Когда к Георгию приезжает сестра, они подолгу сидят на скамеечке, вспоминают родное стойбище, но чаще молчат, ибо нет ничего в мире красноречивее молчания.

Когда в небо выползают длинные тонкие змеи — предвестники грозы, в душе Георгия образуются пустоты, и, попадая в них, ветер начинает раскручивать вихри, способные взорвать его изнутри. Яркие молнии пронзают мозг, обжигая сердце.

— Зачем я жил, зачем живу, почему бы мне не раствориться в насыщенном электричеством воздухе, чтобы обрести то, чем я был изначально!

— А чем ты хотел быть, Гоша?

— Деревом.

— Тебя в первый же день срубят?

— Я восстану подростом.

— Подрост втопчут в почву лесовозные машины.

Он долго молчит, и, наконец, с улыбкой заявляет.

— А шамана, который был уткой, я все-таки встретил. Он предлагал мне стать его учеником, теперь я сожалею, что отказался. Превратился бы я сейчас в утку и полетел…

— На загаженные человеком озера.

— Не все же загаженные. Я знаю озера с чистой, как хрусталь водой. Во сне я утоляю в них жажду, а может даже не во сне, ведь, проснувшись, я чувствую на губах прохладу и чистоту этого озера.

Просыпаясь я думаю: сегодня обязательно позвоню Ольге Андреевне, задам ей несколько вопросов, быть может, ее ответы помогут мне войти в энергетику поэта. С утра я не звоню, боясь нарушить покой пожилой женщины. На звонок после одиннадцати никто не отвечает. С тяжелым сердцем отправляюсь я на дачный участок воевать с сорными травами.

Нет в мире сорных трав, есть травы,

Которых мы не признаем

И потому только не славим,

Что им навстречу не идем.

В дачном автобусе пытаюсь переводить стихи Георгия на русский или украинский в зависимости от настроения.

У колгоспі живемо,

Дуже добре живемо,

День у полі, ніч в городі,

Що заробимо — з’їмо.

Бригадир сидить рахує,

Нормувальник в вус не дує,

Кров мою властивець п’є,

Каже: все отут моє.

Однажды мне в Комсомольск позвонил Павел Халов.

— А скажи мне, Саша Лозиков, с какого такого горя ты стал запойным поэтом?

— В смысле?

— Какой еще может быть смысл, если человек спивается?

— Вы спросили, стал ли я запойным? Это значит, я стал писать стихи запоем. В этом смысле все верно.

— Тут на тебя Виртуозов наехал. Говорит, тебя покритиковали правдинцы, вот ты и запил.

— Ты же знаешь, я не пьющий, на критику реагирую с позиции: а судьи кто? Поэтому, кто бы, что обо мне не сказал, сбить меня с ног невозможно.

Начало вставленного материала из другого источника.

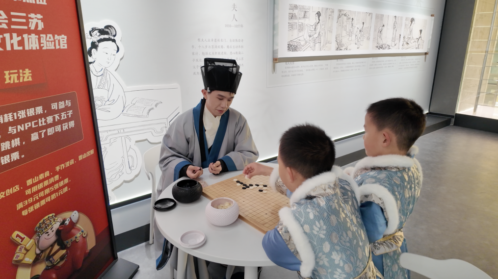腊月已深,年味渐浓,河南平顶山大香山文博园文化大集上熙熙攘攘。喧闹中,不少人循着“三苏”专程而来——尝尝酥脆可口的东坡饼,与NPC“苏轼”对诗下棋,并在园区新近开放的三苏文化数字体验空间内,与苏洵、苏轼、苏辙父子展开一场跨越时空的对话。

За час до этого звонка ко мне из Нижних Халб прикатил Георгий Бельды. Мы успели принять: я — стопочку, Георгий — стакан. Я посмеялся, рассказав Гоше о Виртуозове, которому однажды помог попасть на семинар, а вместо благодарности он облил меня грязью.

— Если он сейчас заявится, что скажешь?

— Спасибо скажу. Если Халов позвонил, значит, обо мне помнят.

— И тебе не обидно?

— Стыдно за Стаса… хотя…

— Почему ты всегда недоговариваешь?

— Мне не нравятся твои вопросы. Ты сам-то здорово обижаешься, когда я в переводах ухожу от подлинника?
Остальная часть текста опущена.